End-to-End Data Pipeline (S3 to Delta Tables in Databricks)
Summary
Being a software company that collects canine data through sensors, makes it useful and feeds it to their ML algorithms for further insights, Kinship had to face challenges while fetching data older than 90 days for their Machine Learning Algorithms. Folio3 augmented its staff with an experienced Data Engineering team for faster deployment, reduced system errors, and a smooth integration on the cloud.
About the Customer
Kinship, a division of Mars Petcare, is a platform for brands building the future of pet care, combining insights, products, and services to help people be the best pet parents they can be.

-
Team composition
3 members
-
Client name
Kinship
-
Expertise used
Data Engineering
-
Duration
6 months
-
Services provided
Data Pipelining, Data Ingestion, Data Parallelisation, PySpark, Team Augmentation
-
Country
US
-
Industry
Embedded Software Products
Solution
Folio3 AI-augmented Kinship’s staff with an experienced Data Engineering team that oversaw all the aspects of data ingestion and data parallelization, and delivered milestones on time and with the minimum amount of system and logical errors. The software solution produced consisted of multiple steps. The steps were performed simultaneously for multiple dogs to ensure multi-threading.
Avoiding Data Duplication
The pulled log paths were checked against the existing log file paths in the Delta table. Only distinct paths were saved back to the Delta table to avoid data duplication.

Pulling data from S3
Data against the newly added file paths was pulled from the S3 bucket. Each file path returned a PITD (PetInsight Time Data Object)



Querying Log File Paths from DynamoDB
Based on the parameters (dog’s ID, start date and an end date), log file paths of s3 files were pulled from dynamoDB.

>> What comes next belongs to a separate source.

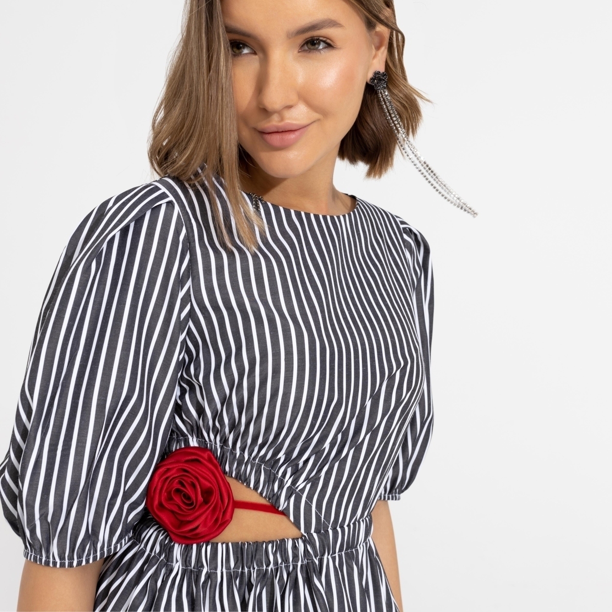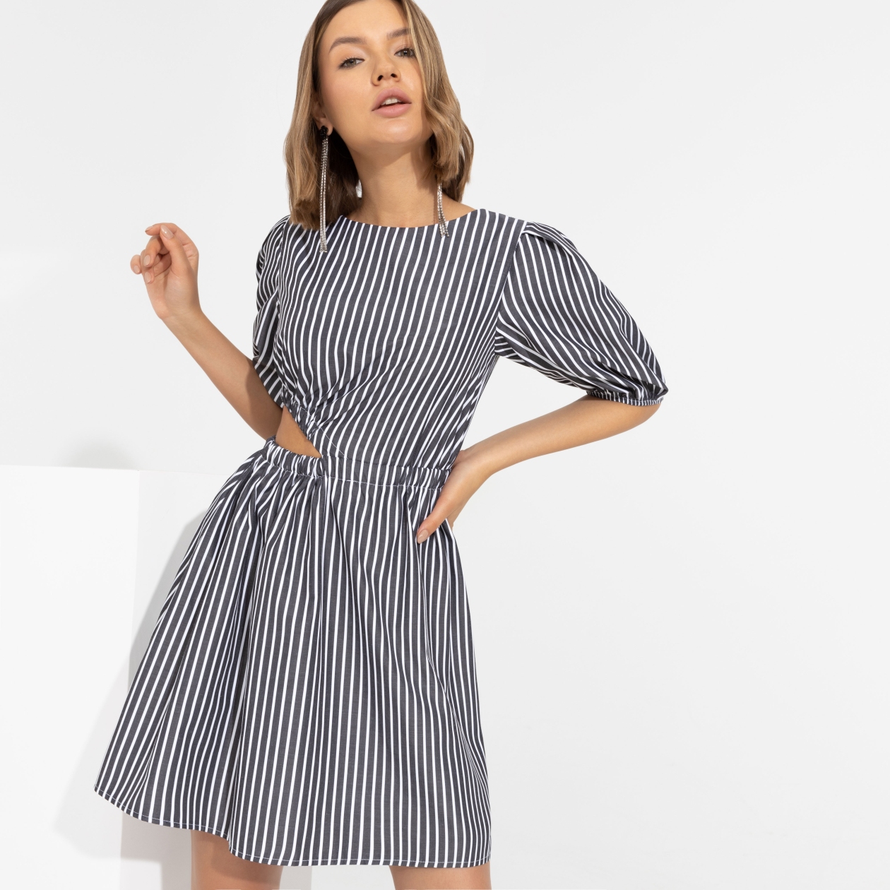 Иногда об одном мгновении мы вспоминаем долгие годы. Чтобы таких моментов было больше, наполни каждый день деталями. Эффектное платье-мини в полоску с пикантным трендовым разрезом – то, что нужно.

PITD to Accel Data Conversion
Each PITD object contained multiple Pandas Dataframes. Dataframes from all the PITD objects were traversed and concatenated in batches of Dataframes.
Data Engineering Service
Folio3’s team of Data Engineers made sure all the steps were integrated smoothly according to Kinship's consumer requirements with minimum errors and maximum efficiency.

Deployed on Databricks
All the steps are deployed, and functional on the Databricks platform. Steps are working inside Databricks workflows.


Dataframes Dumped to Delta Table
Concatenated data frames were appended to the Delta Table for further use by Data Scientists.
Result
With the Data Engineering team from Folio3, all project challenges were met and years of data on a number of animals could be fetched within minutes, instead of hours with the data pipeline developed and integrated by Folio3.